Background: Emergency physicians need a broad range of knowledge and skills to address critical medical, traumatic, and environmental conditions. Artificial intelligence (AI), including large language models (LLMs), has potential applications in healthcare settings; however, the performance of LLMs in emergency medicine remains unclear.

Methods: To evaluate the reliability of information provided by ChatGPT, an LLM was given the questions set by the Japanese Association of Acute Medicine in its board certification examinations over a period of 5 years (2018-2022) and programmed to answer them twice.
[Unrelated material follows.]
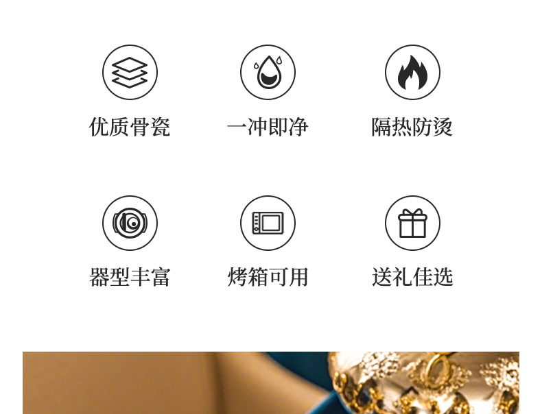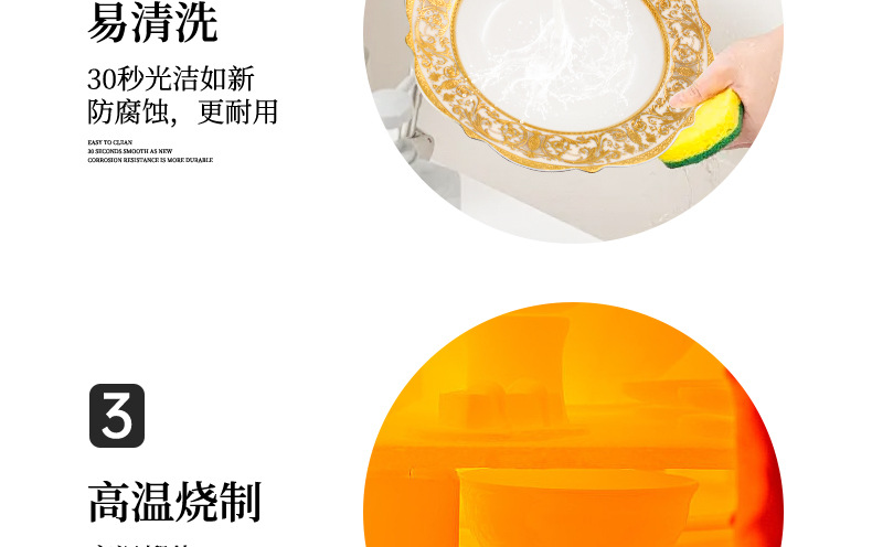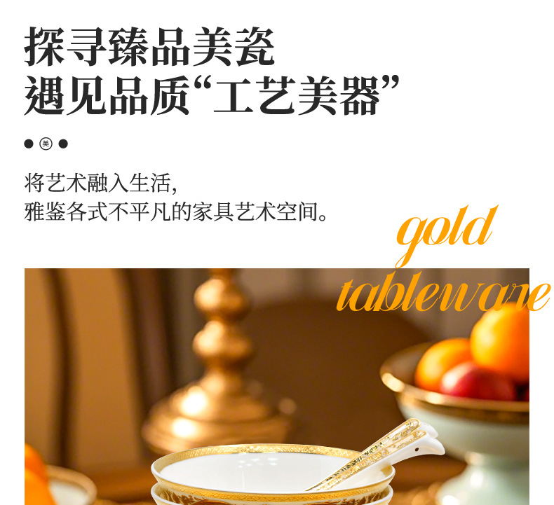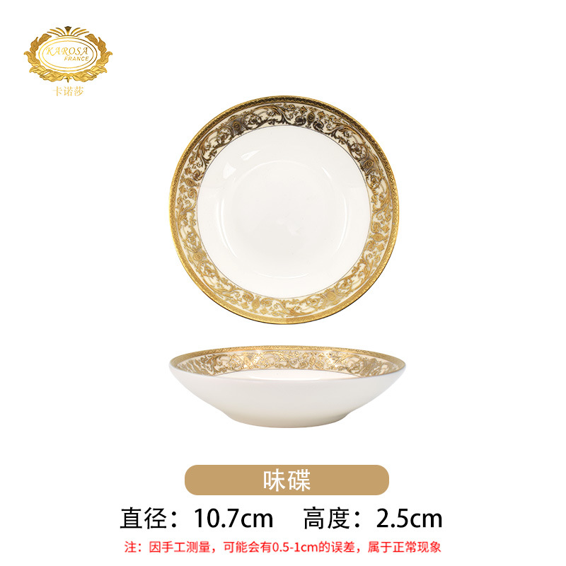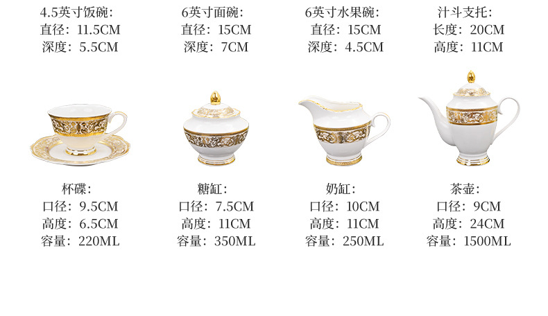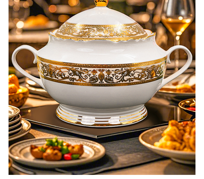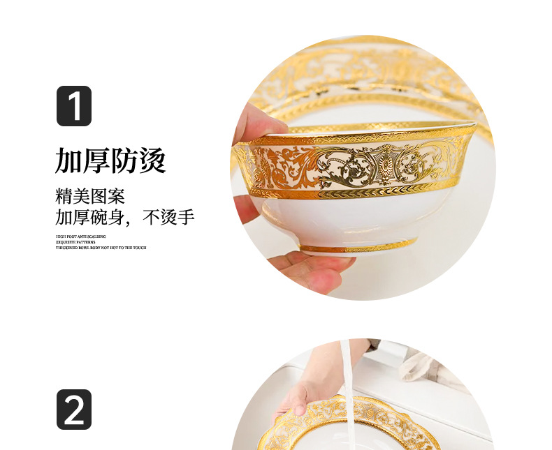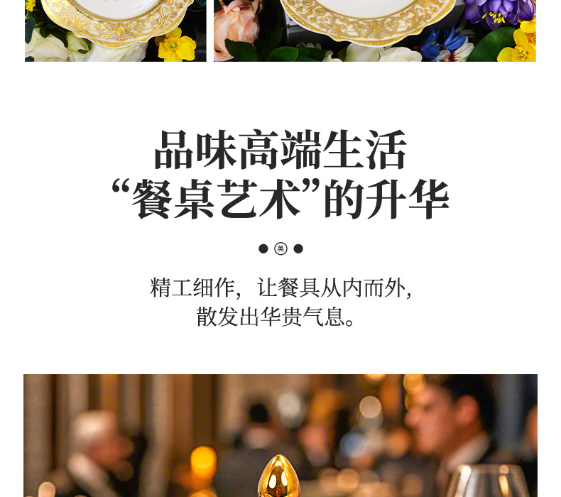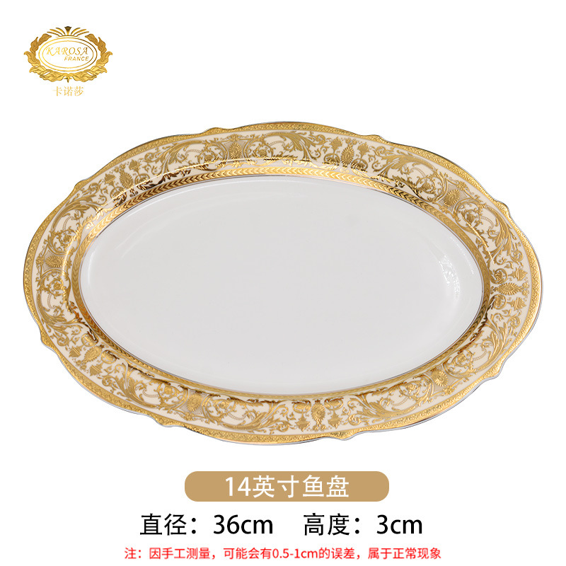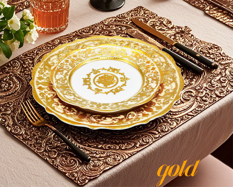 浮雕金色装饰餐具碗盘套装家用风格骨瓷餐具豪华瓷器餐具套装

Statistical analysis was used to assess agreement of the two responses.

Results: The LLM successfully answered 465 of the 475 text-based questions, achieving an overall correct response rate of 62.3%. For questions without images, the rate of correct answers was 65.9%. For questions with images that were not explained to the LLM, the rate of correct answers was only 52.0%. The annual rates of correct answers to questions without images ranged from 56.3% to 78.8%. Accuracy was better for scenario-based questions (69.1%) than for stand-alone questions (62.1%). Agreement between the two responses was substantial (kappa = 0.70). Factual error accounted for 82% of the incorrectly answered questions.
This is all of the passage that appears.